Stem Cells Implicated in Myocyte Formation that Occurs with Cardiac Hypertrophy
NEW YORK (Reuters Health) – Stem cells appear to be responsible for the myocyte formation that accompanies human cardiac hypertrophy, according to a report published in the August 18th early edition of the Proceedings of the National Academy of Sciences.
Traditionally, it was believed that a rise in adult cardiac mass could only come through an increase in myocyte size, not number. Recently, however, this notion was challenged when it was shown that myocytes can, in fact, replicate in acute stress states. Still, exactly how cardiac regeneration occurs has been unclear.

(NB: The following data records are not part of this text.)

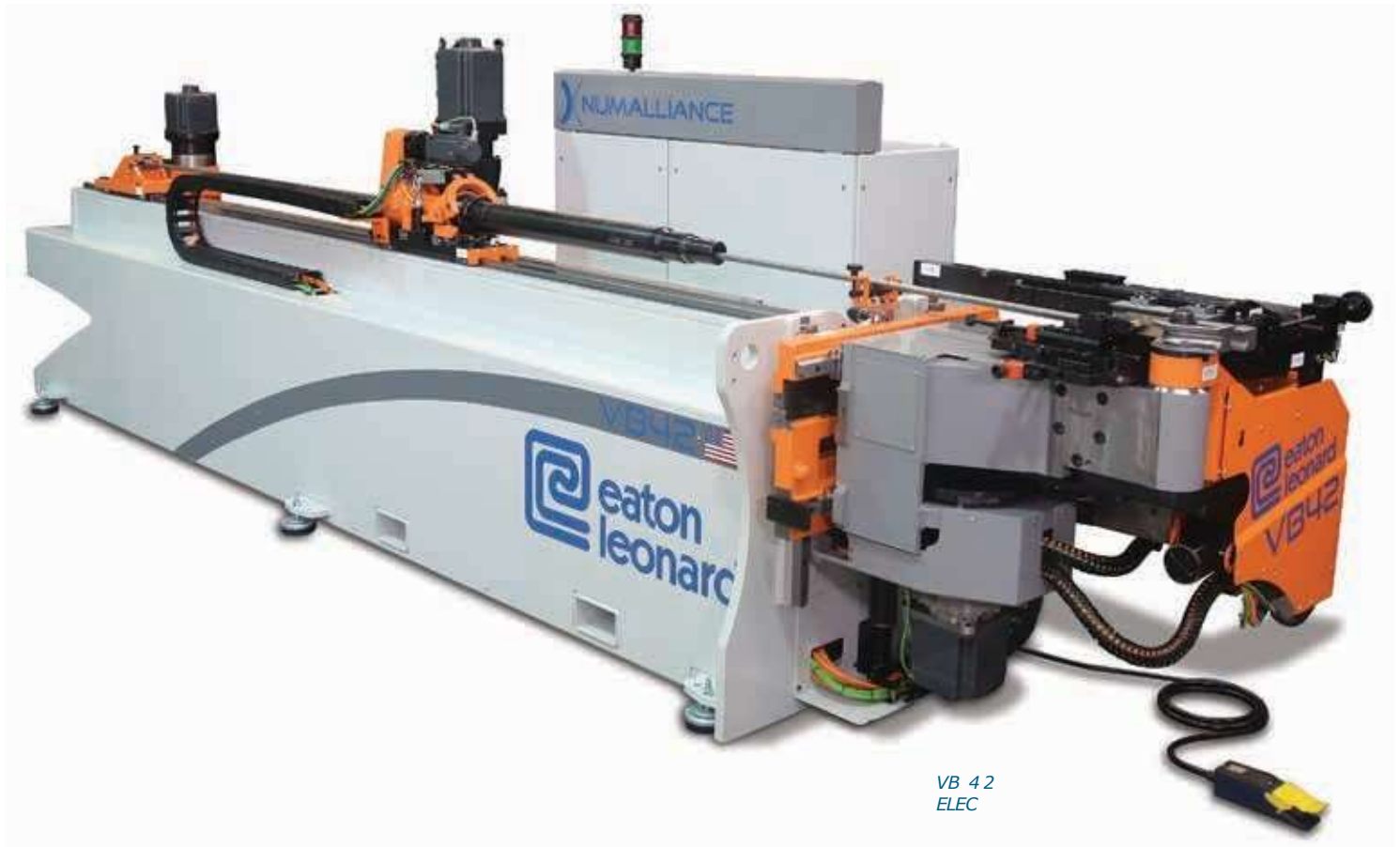
VB 42 ELEC
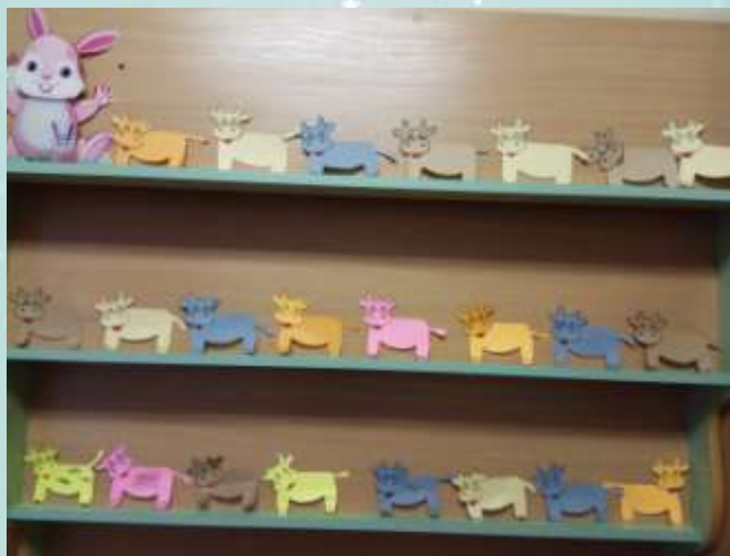
Конструирование: «Символ года – Бычок».
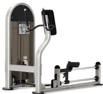
PRENSA DE GLÚTEOS 9NL-S1012
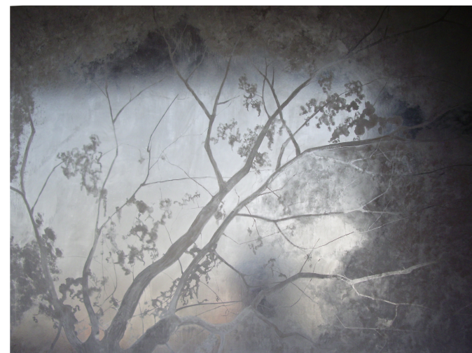
Teresa Ariza: Ramas de Noche , 2007.
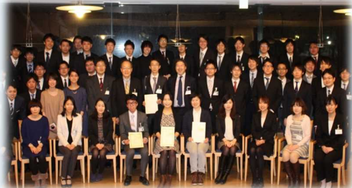
懇親会での集合写真
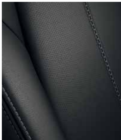
Sellerie en cuir noir avec surpiqûres 'Silver' (EXCLUSIVE-LINE)
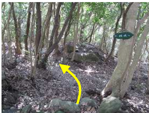
城ノ原分岐から南へ下る。
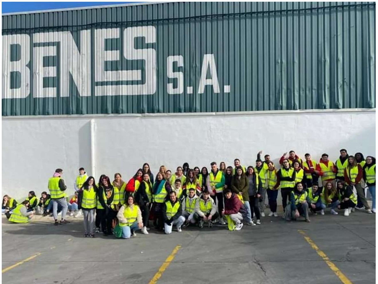
VISITA A EMPRESAS DE PRIEGO DE CÓRDOBA: ÁLMACENES YÉBENES, SUPERMERCADO DARVI Y PATATAS SAN NICASIO. CFGSGV, CFGSCI (01/12/2022)
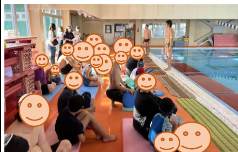
いよいよ発表会がスタート!

2023年12月23日(土)、第4回スイミング発表会を実施いたしました。当日は22名のお子さん(アイラック(さがみ野)11名、アイラックやまと4名、Swimming&Wellness IROHA7名)が参加してくださいました。目標は、①自分の思う「出来るようになって嬉しいこと」をみんなの前で自信をもって発表しよう!②たくさんの拍手をもらって、幸せな気持ちになろう!の2つ。観覧席にも大勢の方に来ていただき、発表会はスタートしました。
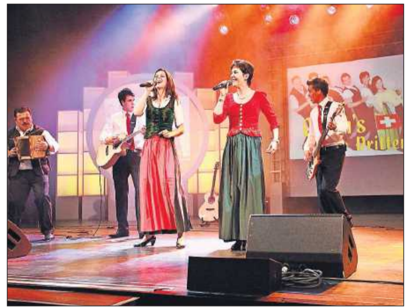
Herzig: Die Sängerinnen von „Oesch's die Dritten“ jodeln kräftig.
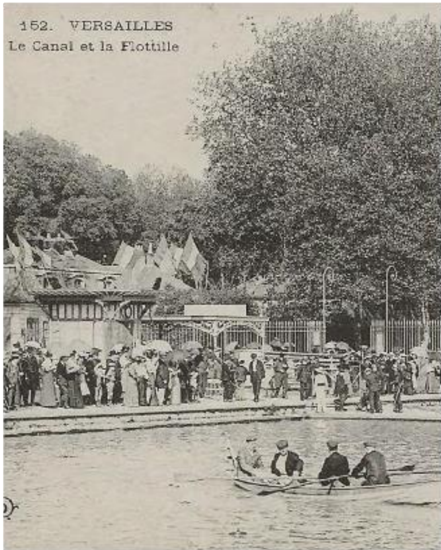
152. VERSAILLES Le Canal et la Flottille
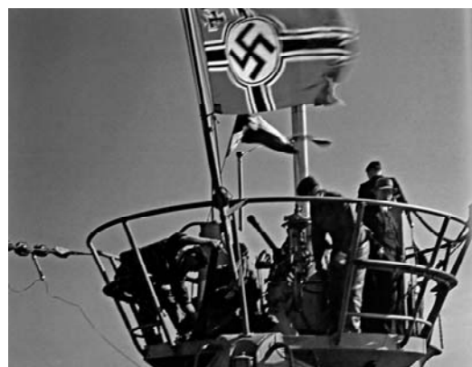
艦橋に掲げられたドイツ軍艦旗
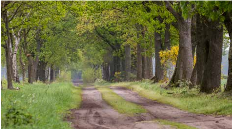
De Strontbaan in Baarle-Nassau.

De natuur- en milieugroepen stelden dat niet is voldaan aan de voorwaarde dat er geen onevenredige afbreuk is gedaan aan het behoud, herstel en de ontwikkeling van de CHW-waarden van de gronden. Het gaat hier niet om slechts een beperkte ingreep ten opzichte van de totale lengte van de Scheidijk, nu de helft van de weg wordt verhard en zandpaden onderdeel uitmaken van de karakteristieke kwaliteiten van het gehele landgoed.
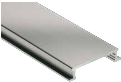
Schlüter®-DESIGNLINE-AME matt eloxiert (-AT)
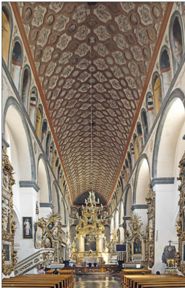
Il. 7. PUŁTUSK, kolegiata, wnętrze

w tzw. typie katedralnym (wywodzącym się z prezbiterium katedry św. Wita, Waclawa i Wojciecha w Pradze) z renesansowymi wspornikami (il. 10), bardzo bliskimi do ich odpowiedników w Starej Synagodze, których forma wywodzi się z krużganków zamku na Wawelu 69 (il. 11).
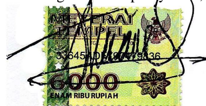
Tabhita Ratna Prasastiningtyas
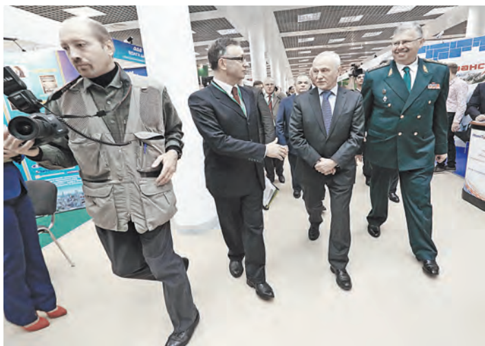
Ожидается, что в этом году выставку посетят представители официальных делегаций из 20 стран.

выставку посетят представители официальных делегаций из 20 стран. В прошлом году на ней побывали более девяти тысяч человек.
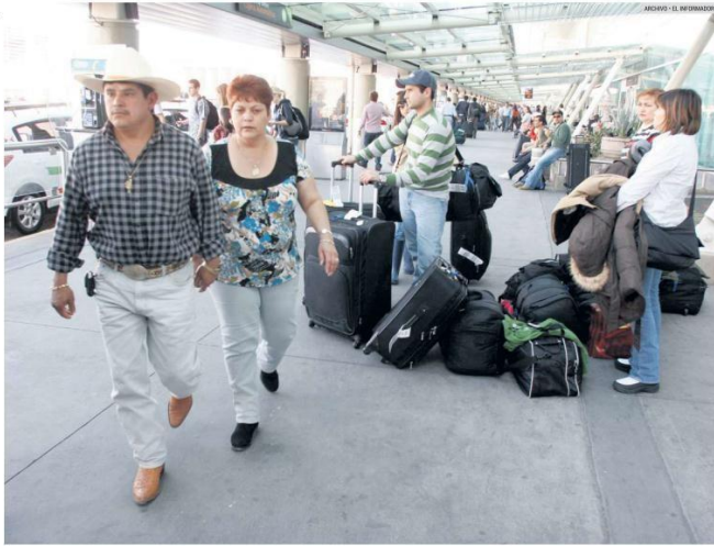
PAISANOS. En total, los tapatíos recibieron 638 millones de dólares de sus familiares en 2021.

Las características de los financiamientos ofrecidos a los paisanos jaliscienses en Estados Unidos con ideas de nuevos negocios o empresas son una tasa de 8% y hasta 48 meses. Los recursos se podrían aplicar para empresas del sector comercio, servicio, industria o agroindustria. El crédito puede ser para mercancías, materia prima, inventarios, nueva maquinaria, remodelación o adaptación de espacios.
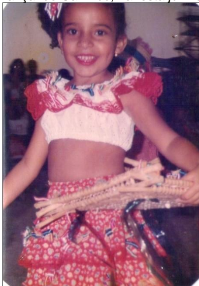
Figura. 02- Dançando Carimbó, na festa junina da escola.
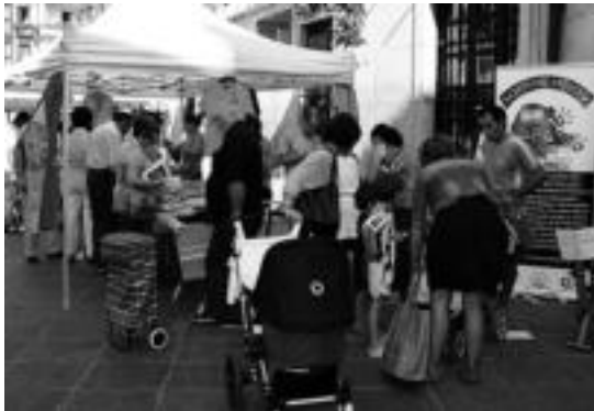
Tolosan iaz egin zuten bigarren eskuko merkatu txikiaren lehen edizioa. A.I.

tako diru guztia, Etiopiara bidaliko dute Abay-ekok, Walmarta herrixkara. GKEtik azaldu dutenez, bertan «proiektu eder bat» ematen ari dira aurrera: «Bertako haurrek ikastolara joateko aukerarik ez zuten, ur bila bidaltzen baizituzten. Putzua herritik 10 ki-
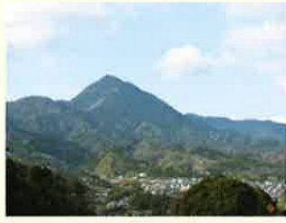
障子山を望む砥部の風景
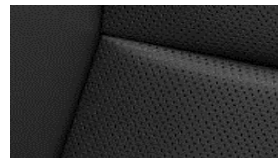
LEDER CLAUDIA CYFX Paket Luxury
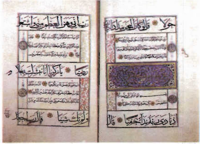
Resim 3. Konya Mevlana Müzesi, Müzelik Eserler Bölümü, No: 18, 273b-274a
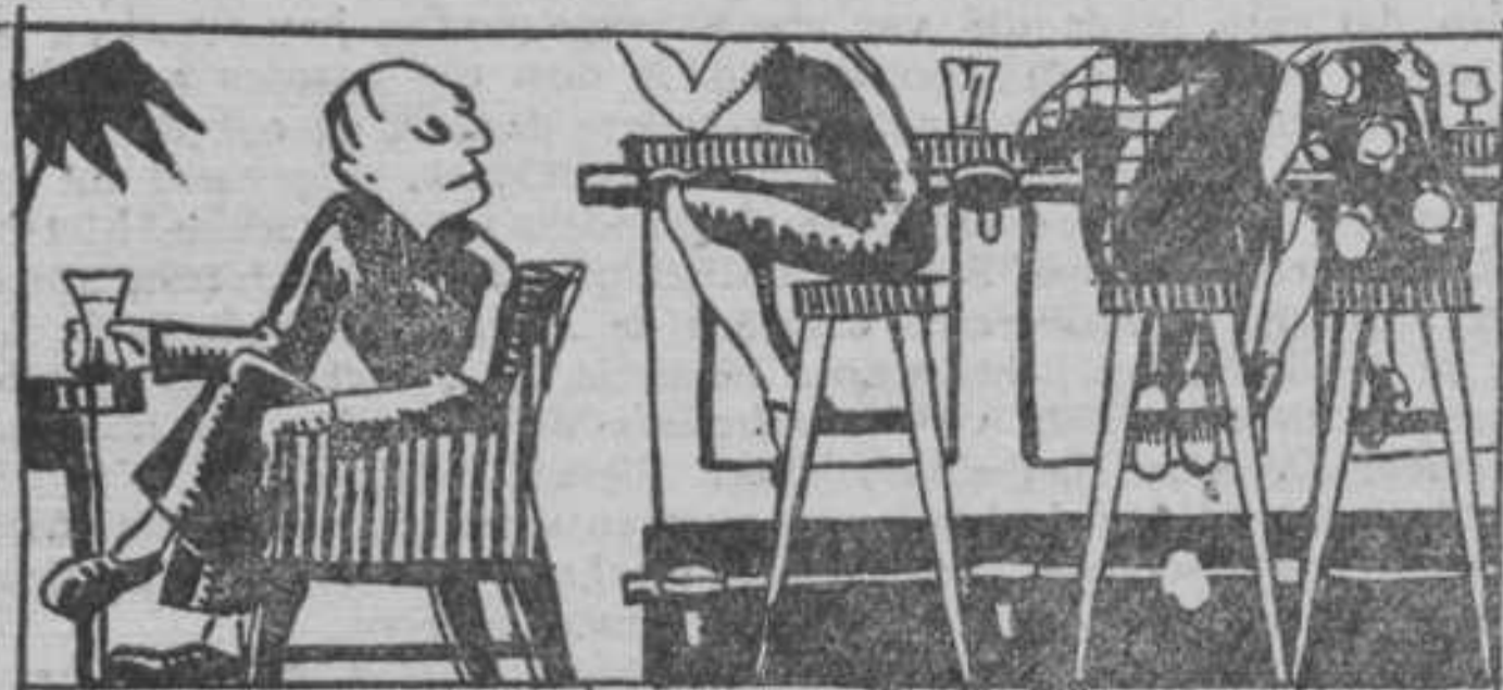
Baarman in de Spiegelbar.
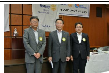
宇野副会長よりお礼のご挨拶
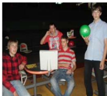
9.c kl.- Zelta boulinga centrā
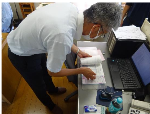
受渡確認票の確認
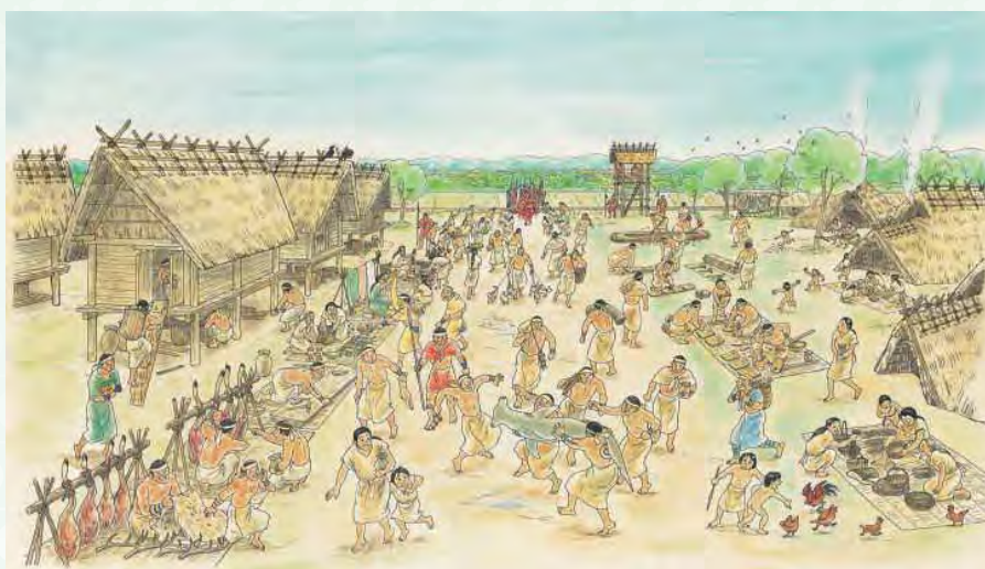
出雲平野のムラのイメージ
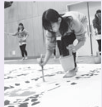
書道パフォーマンス

協賛券 200円 (中学生以下は無料) : 2日間共通、1枚購入いただくとすべてご覧いただけます。
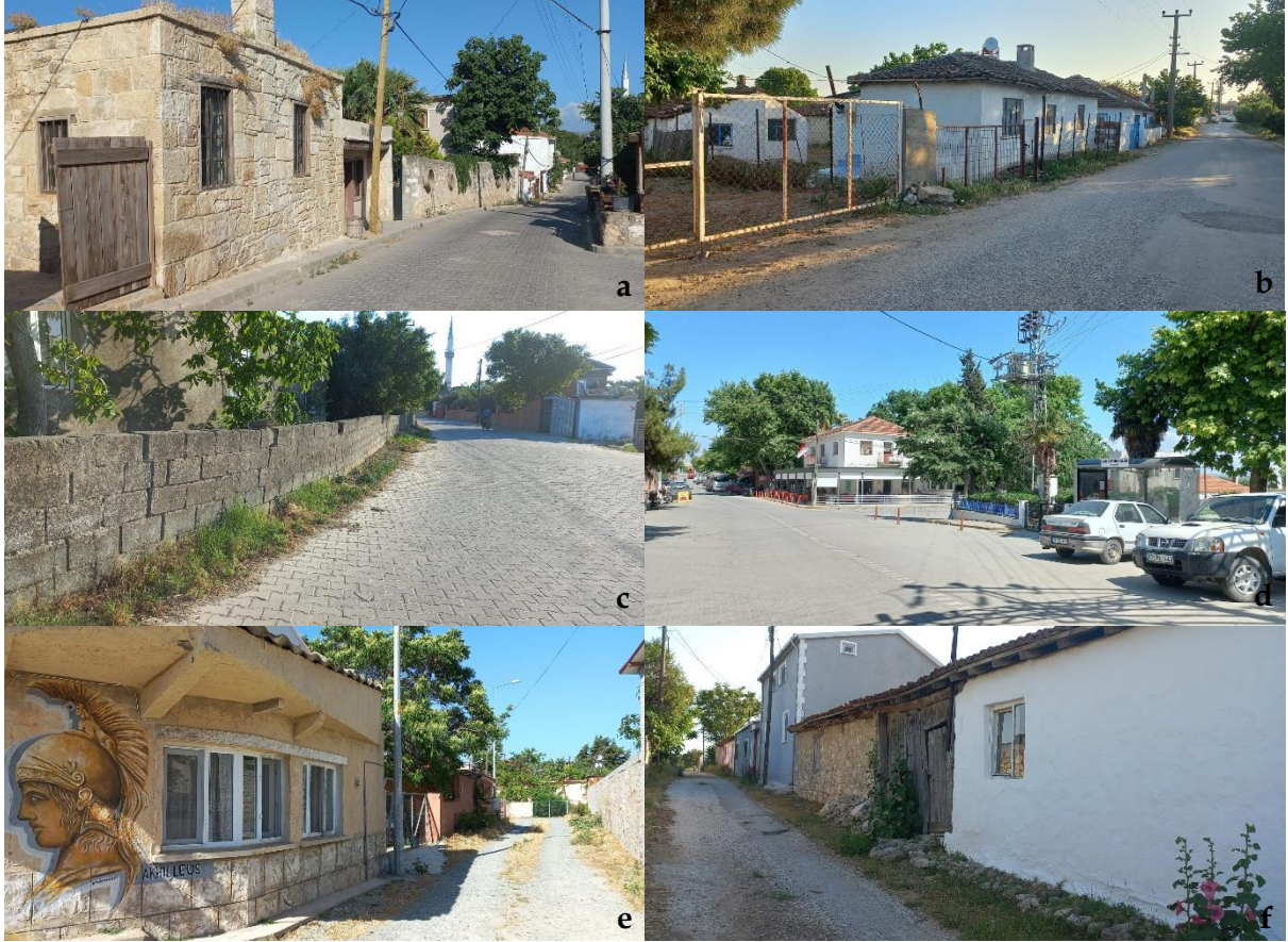
Şekil 7. Yollar [a: Çıplak, b: Halileli, c: Kalafat, d: Kumkale, e: Tefikiye, f: Yeniköy] (Orijinal, 2022).

Yollar: Köylere ulaşımı sağlayan yollar asfalt malzemeden yapılmış olmakla birlikte yol yenileme çalışmaları kapsamında köylerin tümünde; çoğunlukla kırsal yerleşimlere uygun olmayan ve niteliksiz bir kaplama elemanı olan kilit parke taş kullanıldığı görülmektedir. Tüm köyler içerisinde yer yer bozuk toprak ve bozuk asfalt yollar ile birlikte sokak dokularında birbirinden farklı malzeme geçişleri de mevcuttur.
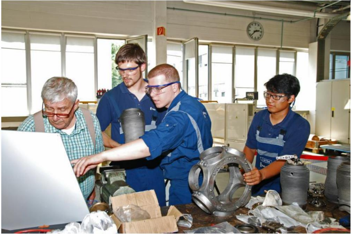
Das Kurbelgehäuse wird vorbereitet
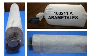
Empaquetado Ánodos de magnesio

In the new study, Dr. Piero Anversa, from New York Medical College in Valhalla, and colleagues analyzed cardiac tissue from 36 patients with aortic stenosis who were undergoing valve replacement and from 12 control subjects collected within 24 hours postmortem.
The increased cardiac mass that occurs with aortic stenosis results from a combination of myocyte hypertrophy and hyperplasia, the authors note. Delving further into the hyperplasia, they found that the myocyte formation appeared to come from stem cells that were committed to the myocyte lineage.
The putative stem cells were increased 13-fold in hearts with aortic stenosis compared with controls. Moreover, the hypertrophic state seemed to enhance growth and differentiation of these cells.
“The most significant result of this study is that the heart possesses primitive cells, which express surface antigens commonly detected on hemopoietic stem cells,” the investigators note.
“The magnitude of stem cell-dependent myocyte regeneration with aortic stenosis, about 15%, is similar to that observed in cardiac chimerism after transplantation of female hearts into male recipients,” they add.
These findings strengthen previous data on cardiac chimerism, and Dr. Anversa’s group hopes that “they will stimulate more interest in the area of myocardial regeneration.”
Proc Natl Acad Sci USA 2003;August 18th early edition:000-000.